Rationale: In the context of pediatric nursing and pharmacology, it is crucial to understand the diagnostic tests for conditions like coeliac disease. In this case, the correct answer is D) Duodenal biopsy. A duodenal biopsy is considered the gold standard for diagnosing coeliac disease as it allows for the direct visualization of the small intestine lining and the detection of characteristic changes such as villous atrophy and increased intraepithelial lymphocytes. Option A) IgA anti-endomysial antibodies and Option C) IgA anti-gliadin antibodies are serologic tests that can support the diagnosis of coeliac disease but are not definitive on their own. They can help in screening and identifying potential cases for further evaluation but cannot confirm the diagnosis without a biopsy. Option B) IgM anti-reticulin antibodies are not commonly used in the diagnosis of coeliac disease. IgA-based tests are preferred due to the high prevalence of IgA deficiency in individuals with coeliac disease, which could lead to false-negative results with IgM antibodies. In an educational context, understanding the rationale behind diagnostic tests is essential for nurses caring for pediatric patients with coeliac disease.
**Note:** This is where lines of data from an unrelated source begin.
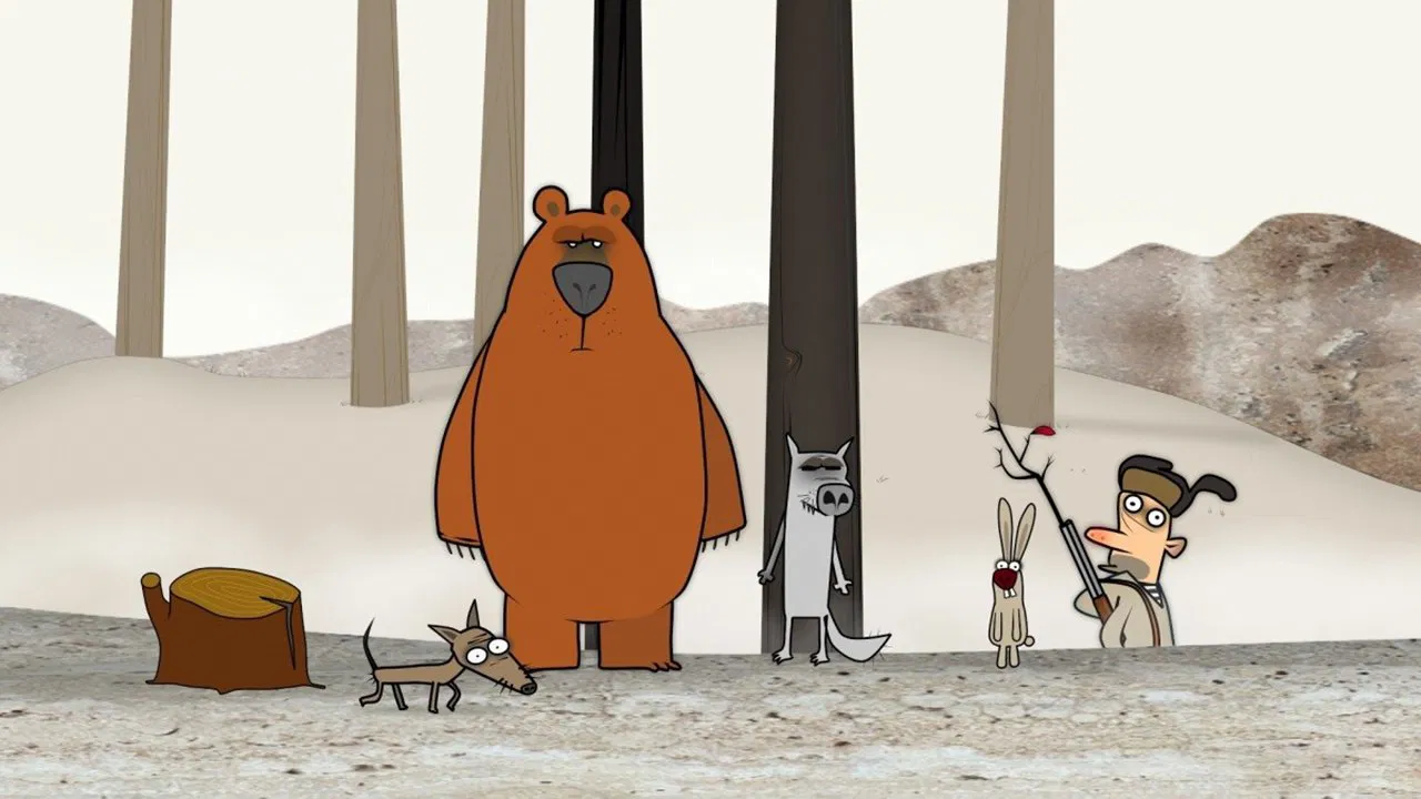 Three professional musicians — the Bear, the Rabbit and the Wolf — are practicing their art in the forest, when suddenly a hunter appears on the scene.
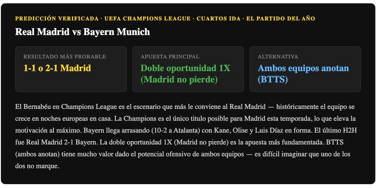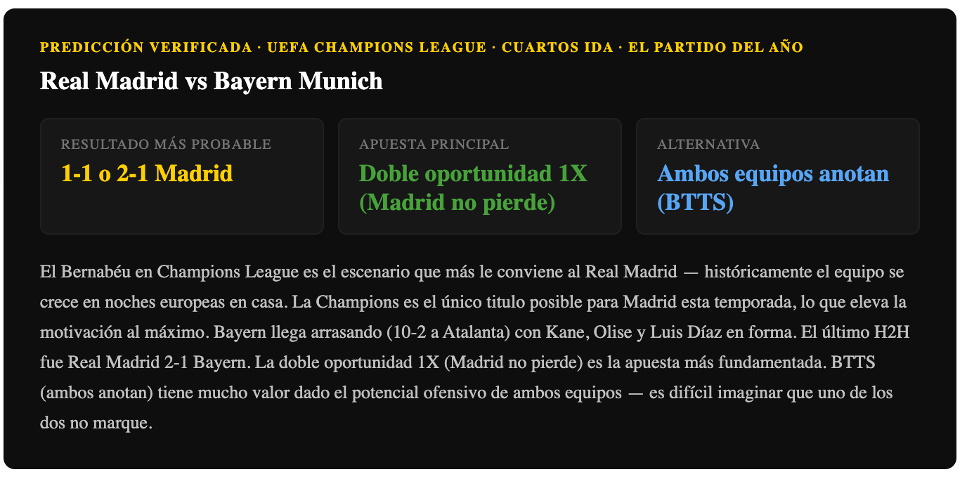 El partido más equilibrado de los cuartos de final. El Bernabéu con 84.000 espectadores es el mayor argumento del Madrid — históricamente es donde los merengues se crecen en Champions. Bayern tiene el momentum ofensivo brutal (10-2 a Atalanta). La última vez que se enfrentaron, Madrid ganó 2-1. Predecir este partido es casi imposible — empate o victoria mínima del local son los resultados más probables. La doble oportunidad 1X (Madrid no pierde en casa) y under 3.5 goles (considerando que puede ser un duelo cerrado) tienen respaldo estadístico.
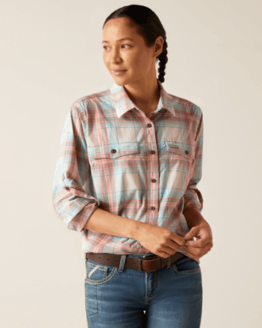 Ariat Women's Rebar Vanilla Ice Plaid Made Tough DuraStretch Long Sleeve Work Shirt 10048720
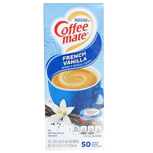 18.7 FL OZ BOX PACK OF 50: French Vanilla Coffee Creamer Singles: 50 Count box of French Vanilla Liquid Creamer Singles. Each coffee creamer has 0.38 Fl Oz. of liquid coffee creamer.
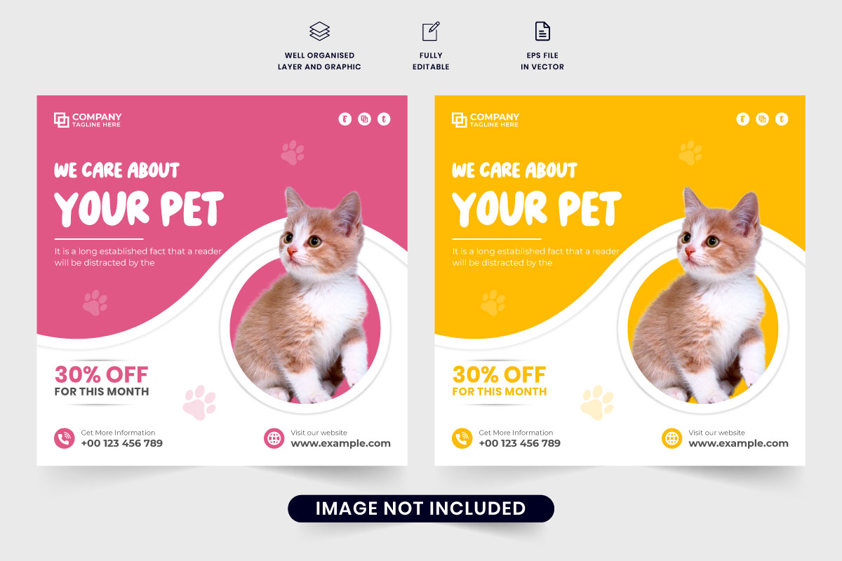 Pet care center social media post vector. Pet shelter social media post vector with yellow and pink colors. Animal adoption and grooming center advertisement web banner vector. Petcare promotional poster design with geometric shapes.
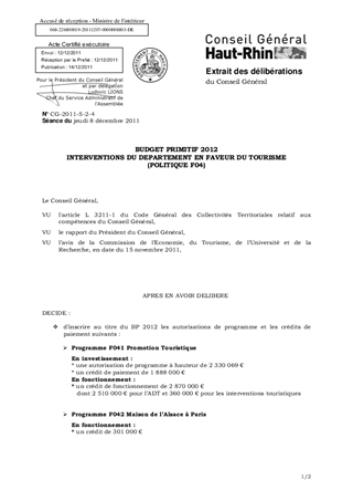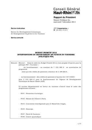 Résumé : Dans le cadre du Budget Primitif 2012, il est proposé d’inscrire pour la politique F04 « Tourisme » : - en investissement : un montant de 7 330 069 € en autorisation de programme ainsi que des crédits de paiement à hauteur de 2 188 000 € ; - en fonctionnement : des crédits de paiement à hauteur de 3 271 000 € dont 2 510 000 € pour le fonctionnement de l’Agence de Développement Touristique de Haute-Alsace (ADT) Ce soutien départemental en faveur du tourisme s’inscrit dans le cadre des programmes suivants : - F041 : Promotion touristique, - F042 : Maison de l’Alsace à Paris, - F043 : Convention Interrégionale pour le Massif des Vosges, - F045 : Bioscope, - F047 : Pierre & Vacances, - F048 : Centre aqualudique.
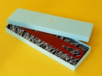 Baumwolltuch, 100 x 100 cm, das sich rasch zur schönen Tasche verwandelt. Die Idee ist in Japan uralt, neu ist der Klipp, der es leicht macht, eine Tasche aus dem
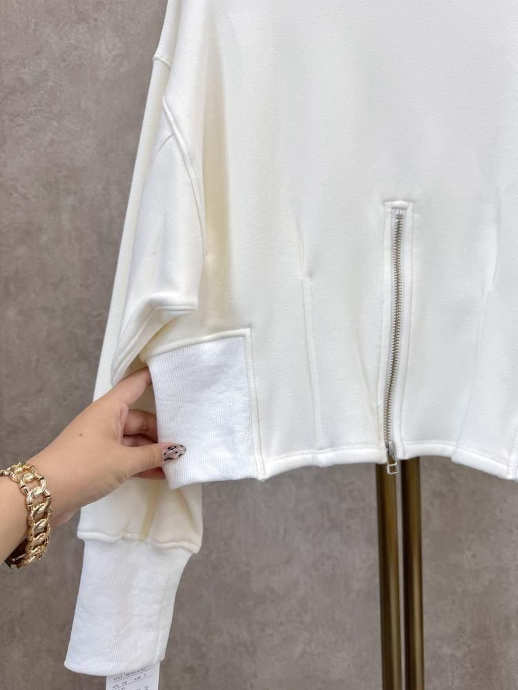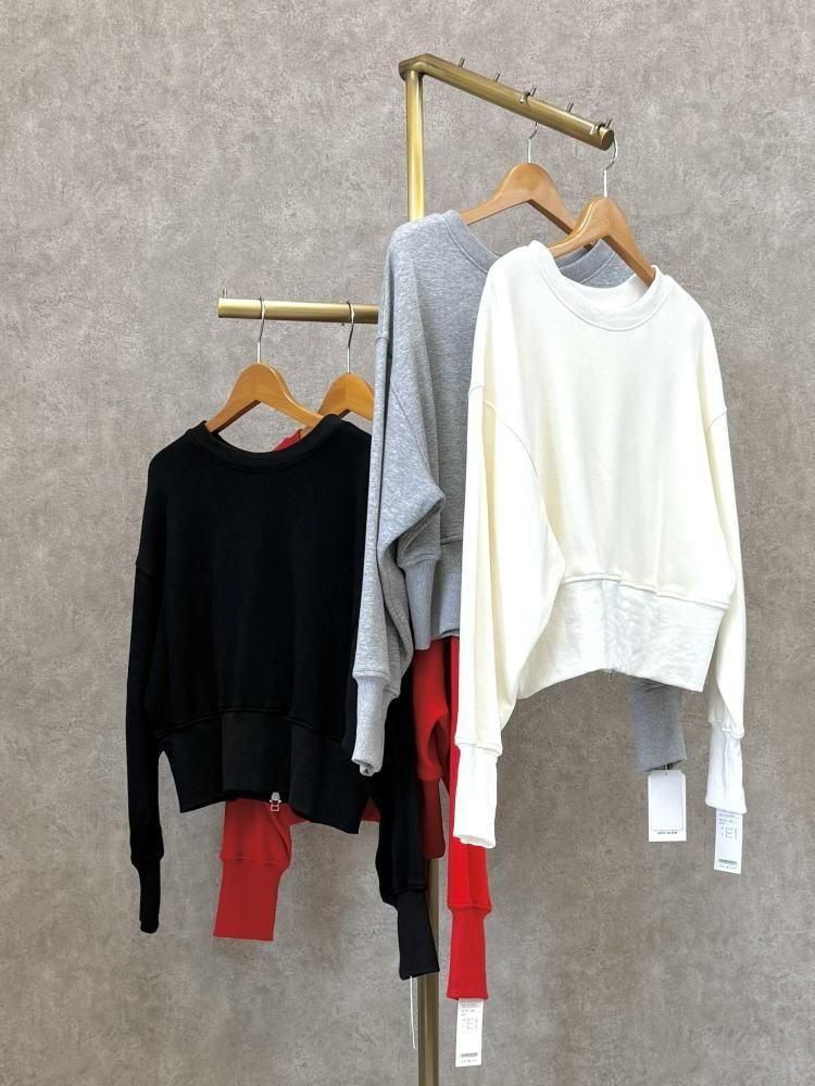 ante aciem(アンテアシーム)後ろジップ裾袖リブ切替短丈裏起毛スウェット
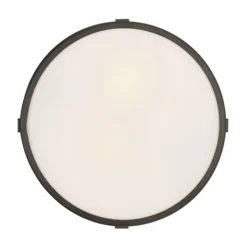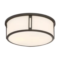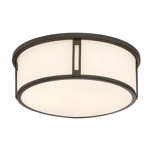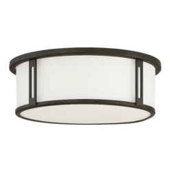 The Harbor flush mount is simplistic in design and suitable for a variety of home décor styles. The bronze finish circles the etched glass with metal slat details banded top and bottom.
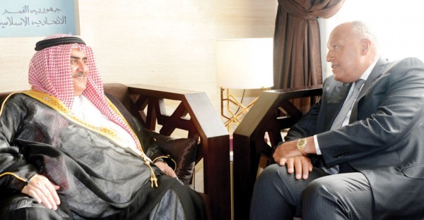 مرآة البحرين: اجتمع وزير الخارجية البحريني خالد بن أحمد بن محمد آل خليفة مع نظيره المصري سامح شكري، على هامش اجتماع جامعة الدول العربية، حيث تم التشاور حول "الاجتماع الذي ستستضيفه المنامة يوم الأحد المقبل لوزراء خارجية كل من البحرين والسعودية والإمارات ومصر" لمناقشة مستجدات الأزمة مع قطر.
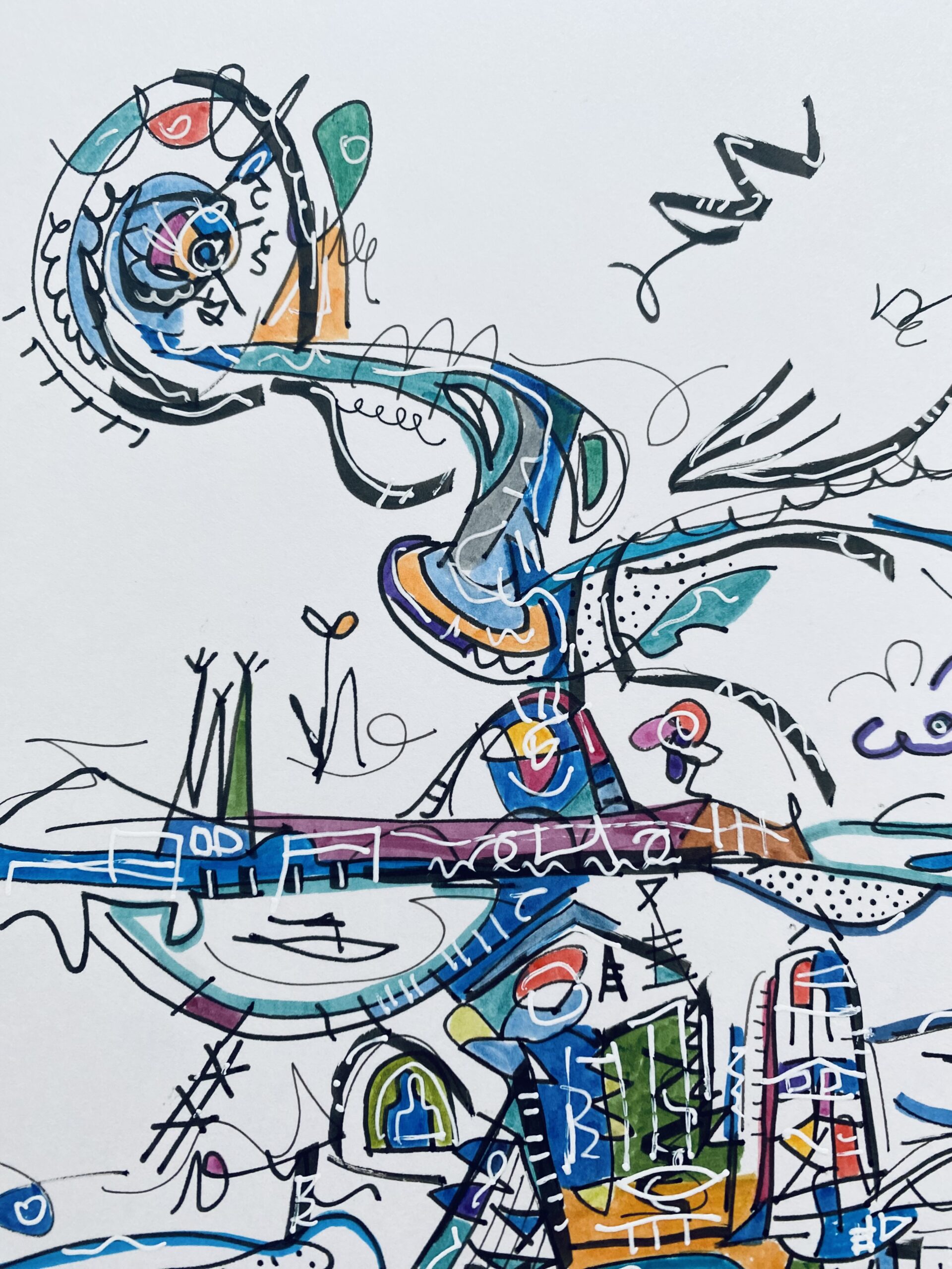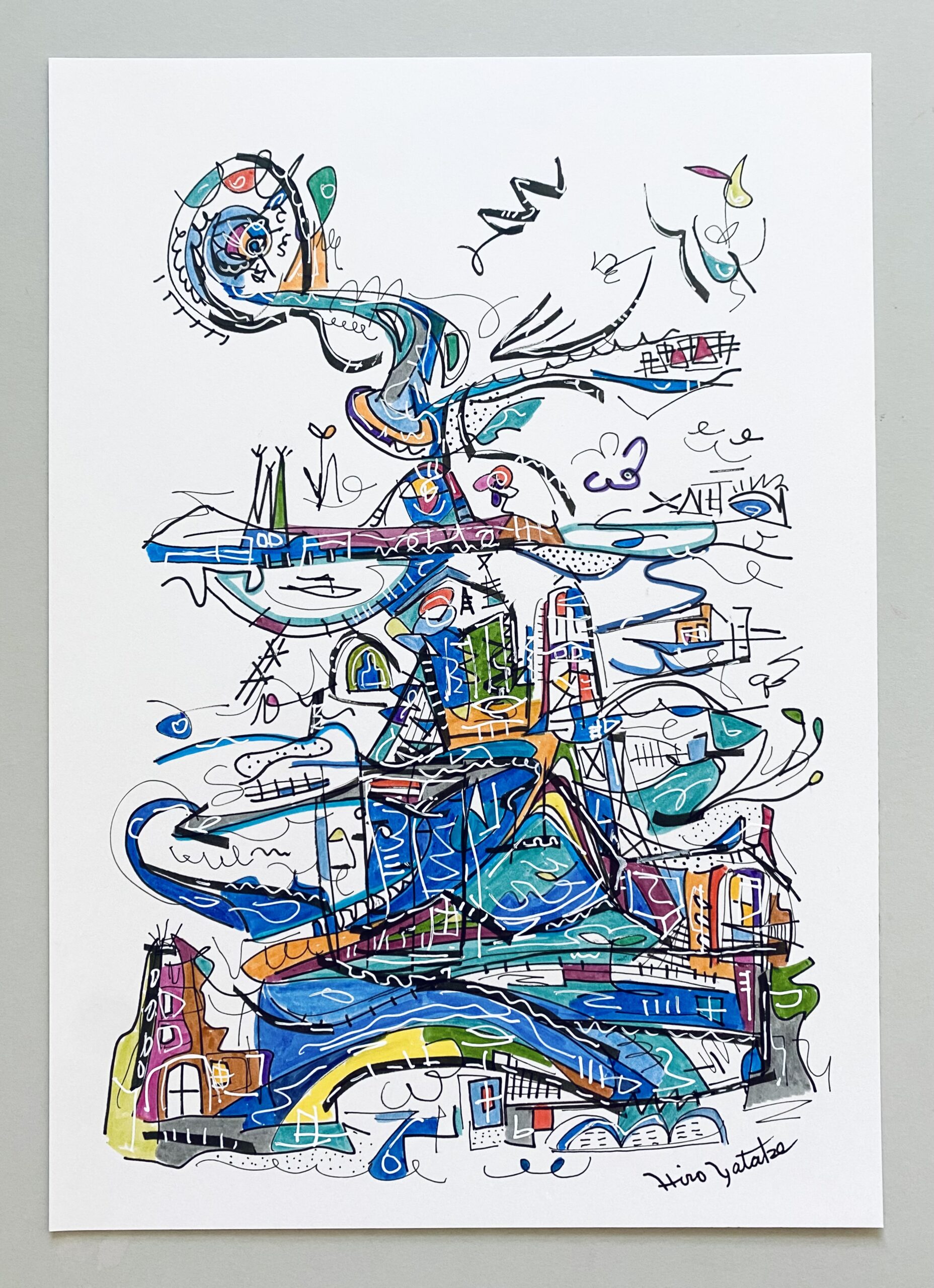 2008年 浮かんだイメージを付箋にボールペンでスケッチ。2012年になりそれをまとめたものを知人に見せたところサイズや画材をかえて絵画として発表することを勧められ、2013年、公募展にA4サイズのカードボードにペン・パステルで描いた作品を出品。その後アクリル絵具での創作をスタート。
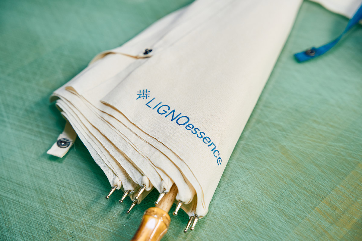 試行錯誤の末にできあがった、リグノエッセンスの日傘。木から生まれた繊維と天然染の色合いにより、やさしい風合いを感じさせる。
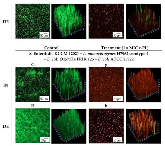 Confocal laser scanning microscopy (CLSM) images of bacterial biofilms cells stained with SYTO 9 (live/green) and PI (dead/red) on glass coupons (100 x magnification). Control and treatment (1 × MIC of ε-PL) are marked in capital letters and small letters, respectively. IN, inhibition of biofilms; DE, degradation of mature biofilms. (A,a,B,b) S. Enteritidis KCCM 12021; (C,c,D,d) L. monocytogenes H7962 serotype 4; (E,e,F,f) E. coli O157:H4 FRIK 125 + E. coli ATCC 25922; (G,g,H,h); S. Enteritidis KCCM 12021 + L. monocytogenes H7962 serotype 4 + E. coli O157:H4 FRIK 125 + E. coli ATCC 25922.
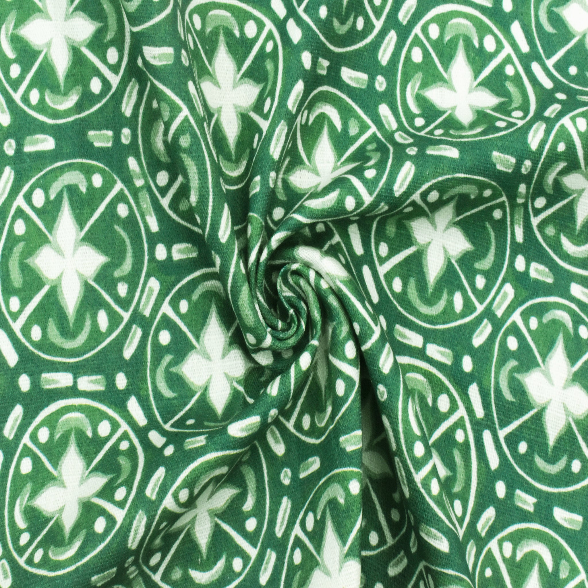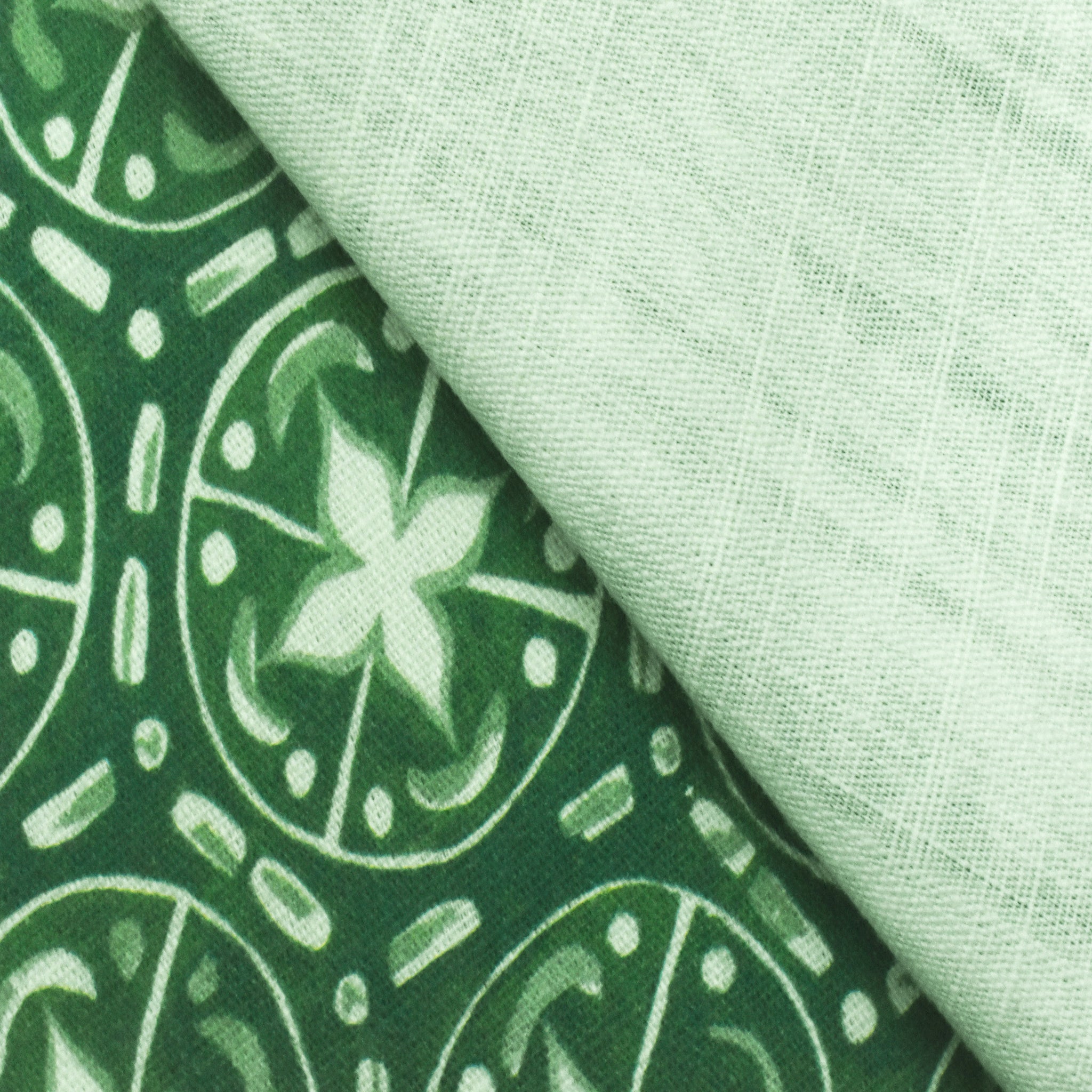 Grass Green-Ivory Abstract Tile Printed Slub Home Decorating Fabric
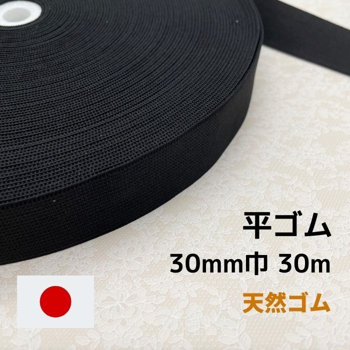 ゴム 平ゴム 天然ゴム GP330 黒 30mm幅 30m 日本製 工業用 業務用 手芸 替えゴム パジャマ ウエスト パンツ 編みゴム

Knowing the limitations and strengths of each test can guide clinical decision-making and ensure appropriate management strategies are implemented. The emphasis on the duodenal biopsy as the definitive diagnostic tool highlights the importance of a comprehensive approach to pediatric pharmacology and nursing care.

Question 5 of 5

Polycythaemia:

Correct Answer: B

Rationale: In the context of pediatric nursing pharmacology, understanding polycythemia in newborns is crucial for providing safe and effective care. The correct answer, B) Is significant if hematocrit > 65% on a capillary sample, is based on the understanding that polycythemia is defined by an elevated hematocrit level. A hematocrit level above 65% indicates a significant increase in red blood cells, which can lead to complications such as hyperviscosity and thrombosis in newborns. Option A) Is a common cause of jaundice in the newborn is incorrect because polycythemia itself does not directly cause jaundice. Jaundice in newborns is usually due to elevated bilirubin levels, often related to factors such as hemolysis or liver immaturity. Option C) May cause apneas is incorrect as polycythemia typically presents with symptoms such as ruddy skin color, hypoglycemia, and respiratory distress rather than apneas. The respiratory distress is usually due to increased blood viscosity affecting oxygen delivery. Option D) Exchange transfusion is the treatment of choice in symptomatic cases is incorrect because while exchange transfusion may be considered in severe cases of polycythemia with complications, it is not always the first-line treatment. Management of polycythemia often involves measures such as partial exchange transfusion, hydration, and monitoring for signs of complications. Educationally, understanding the implications of polycythemia in newborns is essential for nurses caring for this patient population. Recognizing the signs and symptoms of polycythemia, understanding appropriate diagnostic criteria like hematocrit levels, and knowing the management options are all critical aspects of providing competent care to newborns with this condition.